> [Work instruction]: Return the material below exactly, but only from the line with "小度添添智能镜空降CoCo门" through the line with "学院党政办公室主任靳盼传达了", and without its pictures.

> [Available records]:
<<<<

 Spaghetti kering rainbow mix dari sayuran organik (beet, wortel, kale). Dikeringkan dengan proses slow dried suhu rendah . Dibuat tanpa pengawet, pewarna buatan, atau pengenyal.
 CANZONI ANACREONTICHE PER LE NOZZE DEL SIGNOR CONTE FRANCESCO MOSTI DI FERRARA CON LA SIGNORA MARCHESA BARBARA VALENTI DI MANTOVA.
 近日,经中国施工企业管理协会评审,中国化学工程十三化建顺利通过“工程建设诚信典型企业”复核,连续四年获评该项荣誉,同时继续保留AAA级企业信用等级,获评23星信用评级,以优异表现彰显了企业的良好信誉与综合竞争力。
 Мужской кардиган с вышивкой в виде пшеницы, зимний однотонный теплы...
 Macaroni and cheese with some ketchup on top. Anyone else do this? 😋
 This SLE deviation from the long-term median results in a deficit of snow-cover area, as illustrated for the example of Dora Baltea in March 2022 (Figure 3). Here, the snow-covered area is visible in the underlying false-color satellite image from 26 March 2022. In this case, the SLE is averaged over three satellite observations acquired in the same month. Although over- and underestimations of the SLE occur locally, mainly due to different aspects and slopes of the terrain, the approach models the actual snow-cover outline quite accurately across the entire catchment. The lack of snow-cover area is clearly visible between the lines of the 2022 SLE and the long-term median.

>>>>
<<<<

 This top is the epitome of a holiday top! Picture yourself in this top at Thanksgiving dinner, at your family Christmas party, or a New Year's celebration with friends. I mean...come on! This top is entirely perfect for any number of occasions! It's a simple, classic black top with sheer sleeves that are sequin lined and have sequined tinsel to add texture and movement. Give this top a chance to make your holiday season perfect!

>>>>
<<<<

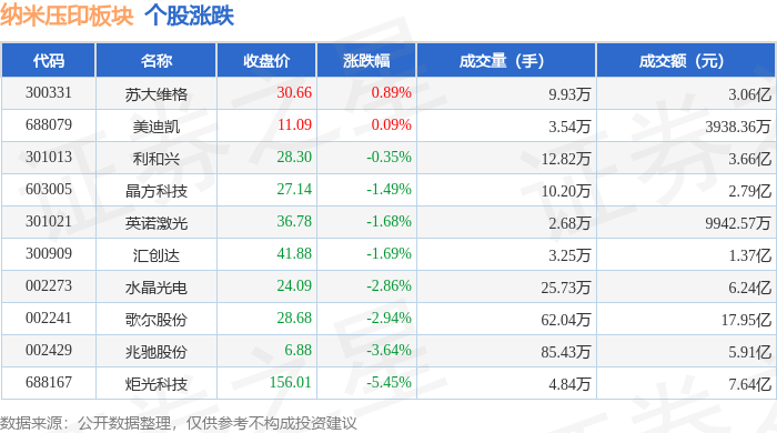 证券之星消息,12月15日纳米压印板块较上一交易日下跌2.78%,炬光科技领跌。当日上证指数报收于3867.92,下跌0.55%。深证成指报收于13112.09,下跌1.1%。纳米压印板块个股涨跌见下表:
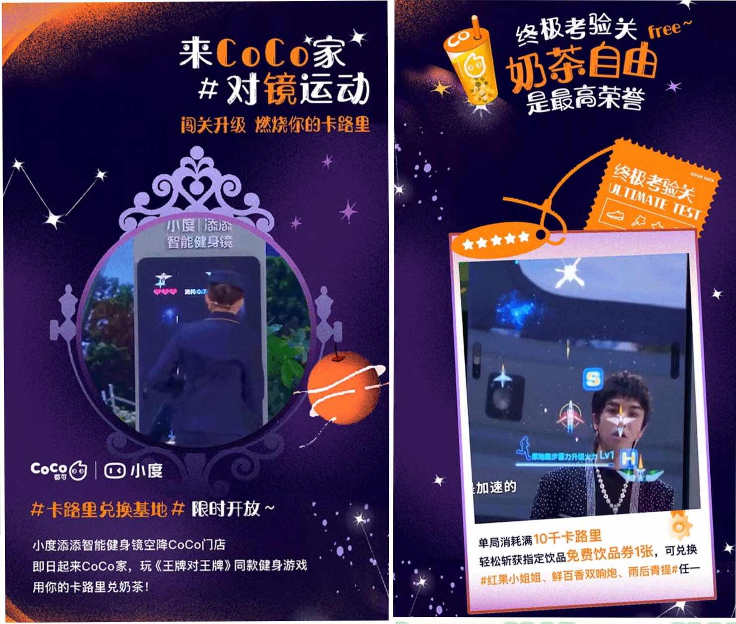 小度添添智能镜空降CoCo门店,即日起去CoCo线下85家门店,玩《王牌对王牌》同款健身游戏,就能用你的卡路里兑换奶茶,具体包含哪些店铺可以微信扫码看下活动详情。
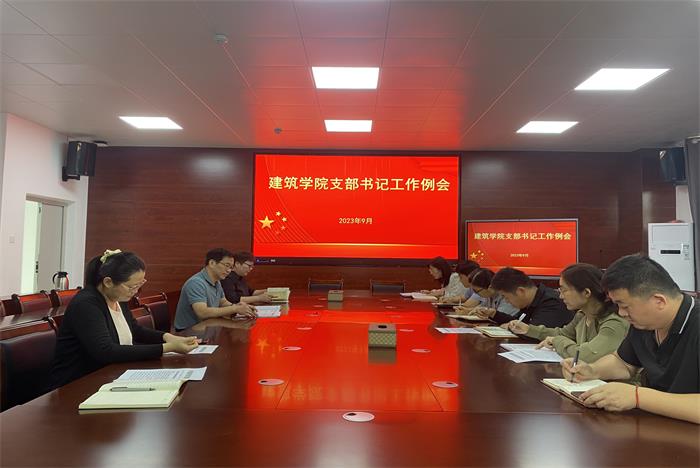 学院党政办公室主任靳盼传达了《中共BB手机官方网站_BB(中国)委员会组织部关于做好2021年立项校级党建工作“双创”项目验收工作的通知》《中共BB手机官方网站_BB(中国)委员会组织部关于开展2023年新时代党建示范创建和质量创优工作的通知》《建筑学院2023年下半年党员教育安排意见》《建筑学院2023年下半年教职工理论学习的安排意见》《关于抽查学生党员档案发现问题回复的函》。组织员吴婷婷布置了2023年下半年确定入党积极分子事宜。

>>>>

> [Exercise response]:
 小度添添智能镜空降CoCo门店,即日起去CoCo线下85家门店,玩《王牌对王牌》同款健身游戏,就能用你的卡路里兑换奶茶,具体包含哪些店铺可以微信扫码看下活动详情。
 学院党政办公室主任靳盼传达了《中共BB手机官方网站_BB(中国)委员会组织部关于做好2021年立项校级党建工作“双创”项目验收工作的通知》《中共BB手机官方网站_BB(中国)委员会组织部关于开展2023年新时代党建示范创建和质量创优工作的通知》《建筑学院2023年下半年党员教育安排意见》《建筑学院2023年下半年教职工理论学习的安排意见》《关于抽查学生党员档案发现问题回复的函》。组织员吴婷婷布置了2023年下半年确定入党积极分子事宜。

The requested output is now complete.